### Given material:
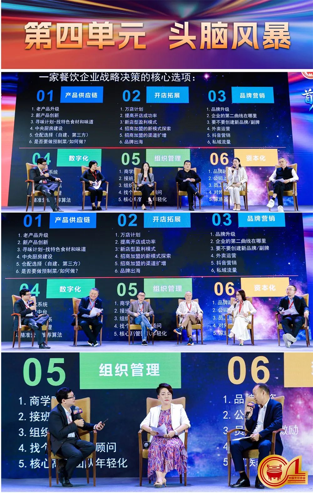 七欣天阮天书、阿五黄河大鲤鱼樊胜武、蛙来哒罗清、霸蛮米粉张天一、朝天门王普、蒙自源李红伟共同就第二单元,“供应链体系建设”展开讨论
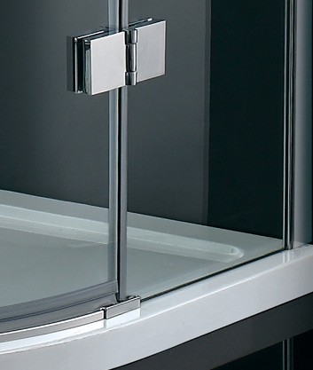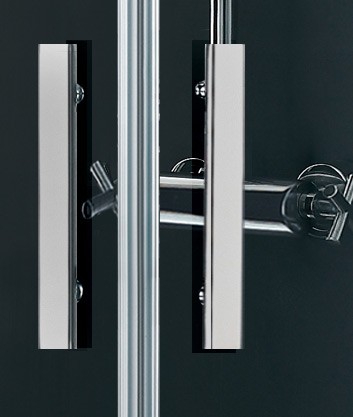 Sprchový kout obloukový se dvěma otevíracími dveřmi na masivních chromových pantech, s upevňovacími hranatými kovovými konzolami a výjimečným provedením velké a nádherně ladící úchytky.
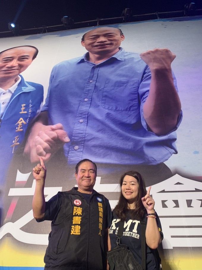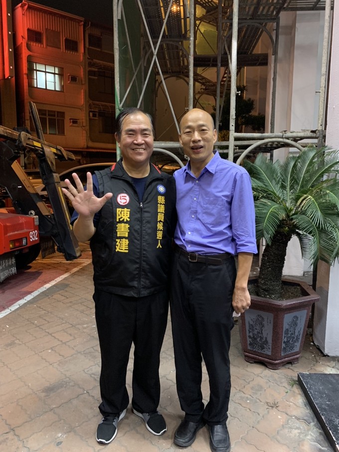 連江縣議會副議長陳書建於本月14日赴高雄參加韓國瑜岡山造勢大會,並與韓國瑜合影,接受韓國瑜推荐,陳書建表示,如果兩人都當選,將合力催生馬祖飛高雄航線,讓馬祖和高雄都發大財。

### Goal of the exercise:
Set down all the material exactly once more. No pictures.

### Answer section:
 七欣天阮天书、阿五黄河大鲤鱼樊胜武、蛙来哒罗清、霸蛮米粉张天一、朝天门王普、蒙自源李红伟共同就第二单元,“供应链体系建设”展开讨论
 Sprchový kout obloukový se dvěma otevíracími dveřmi na masivních chromových pantech, s upevňovacími hranatými kovovými konzolami a výjimečným provedením velké a nádherně ladící úchytky.
 連江縣議會副議長陳書建於本月14日赴高雄參加韓國瑜岡山造勢大會,並與韓國瑜合影,接受韓國瑜推荐,陳書建表示,如果兩人都當選,將合力催生馬祖飛高雄航線,讓馬祖和高雄都發大財。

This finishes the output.